- Directed by: Andrzej Żuławski
- Screenplay by: Andrzej Żuławski
- Based on: Cosmos by Witold Gombrowicz
- Produced by: Paulo Branco
- Starring: Sabine Azéma; Jean-François Balmer;
- Cinematography: André Szankowski
- Edited by: Julia Gregory
- Music by: Andrzej Korzyński
- Production companies: Alfama Films; Leopardo Filmes;
- Distributed by: Alfama Films
- Release dates: 8 August 2015 (Locarno); 9 December 2015 (France);
- Running time: 102 minutes
- Countries: France; Poland;
- Language: French
- Budget: €1.6 million

= Cosmos (2015 film) =

2015 film directed by Andrzej Żuławski

Cosmos is a 2015 French-Portuguese speculative fiction thriller film written and directed by Andrzej Żuławski based on the novel of the same name by Witold Gombrowicz.

==Production==
Cosmos was Andrzej Żuławski's first film in 15 years and ended up being his final film; he died in February 2016. It was produced through Paulo Branco's Alfama Films in collaboration with the Portuguese company Leopardo Filmes.

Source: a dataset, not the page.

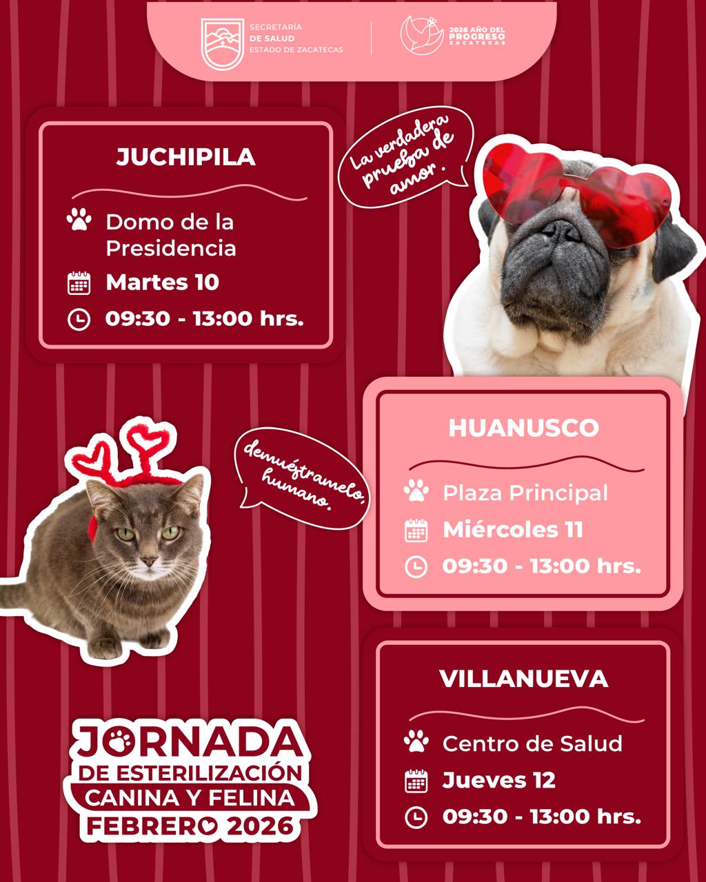 Como parte de la Agenda del Progreso, la SSZ llevará la Jornada Permanente de Esterilización Canina y Felina a Juchipila, el martes 10 de febrero, con la instalación de un módulo en el Domo de la Presidencia Municipal; el miércoles 11, estará en la Plaza Principal de Huanusco; en tanto que el jueves 12, los procedimientos se ofrecerán en el Centro de Salud Villanueva.

Principal photography took place from mid-November to late December 2014.

==Plot synopsis==
A young man, hoping to write a novel, visits a French guest house with a friend and finds himself distracted by a mystery and the strange inhabitants of the home.

==Cast==
- Jean-François Balmer as Leon
- Sabine Azéma as Madame Woytis
- Jonathan Genet as Witold
- Johan Libéreau as Fuchs
- Victória Guerra as Lena
- Clémentine Pons as Catherette / Ginette

==Critical reception and awards==
The film premiered in competition at the 2015 Locarno International Film Festival, where it won the award for Best Direction.

Time Out, giving it 4/5 stars, wrote that, "as with all of Zulawski’s work," the film "is essentially unclassifiable," adding that it is, "at times, astonishingly beautiful" as well as "entrancing, frustrating, and utterly singular." Noting that "the enigma at the centre of Zulawski’s work is that he’s trying to film the unspeakable," CinemaScopes Christof Huber stated that the film is "hardly lacking in perversity, sex, and violence, not to mention fierce freak-out acting spectaculars" but "the manic-depressive tone of [the director's] earlier films has been replaced by a state of constant agitation." By Cosmoss ending, he concluded, "the equilibrium of existence has been...thoroughly pierced." Variety reviewer Peter Debruge opined that the film could be described as "frustrating, yes, but boring, never," containing "enough sexual tension percolating beneath the surface to spark a second Big Bang." He added, however, that, during its length, "the film grows increasingly difficult to interpret" and that "mainstream [audiences] would sooner stick to more conventional entertainments." In Roger Ebert's website, critic Scout Tafoya gave 4/4 stars to a film "shaking with ecstasy, possibility and the torment of being alive." Cosmos, he wrote, is "everything at once too fast, like the broken merry-go-round, sudden inebriation, or a magic trick. Real life is only steps away, but you'll never find anything as brutally fantastic out there."

For A. O. Scott of The New York Times, the film "feels more like a revival than a new release. It can inspire [the audience] to think fondly back on the work of Alain Resnais...or Raúl Ruiz" and "leaves a curiously paradoxical aftertaste." It’s "an exercise in nostalgic avant-gardism, a retro-modernist trip down aesthetic paths that have long since been blocked off, overgrown or paved over."

The Guardians Mike McCahill found it to be "a characteristically eccentric outing that descends into impenetrable gibberish" with "even the sharper scenes soon clot[ting] into an impenetrable layer of gibberish tics." Filmuphorias review pointed out that the "viscous plot and rake-thin premise" of the film are making it "impossible for any of the myriad ideas put forth to take hold with any lasting thematic coherence," and asserted that the film's "crazed maximalism and heightened delirium make [it] a dramatic exercise rather than a drama per se."

The review aggregator website Rotten Tomatoes cited a cumulative rating of 81%, and an average rating of 7/10, based on 32 reviews. Metacritic assigned the film a weighted average score of 72 out of 100, based on 14 critics, indicating "generally favorable reviews".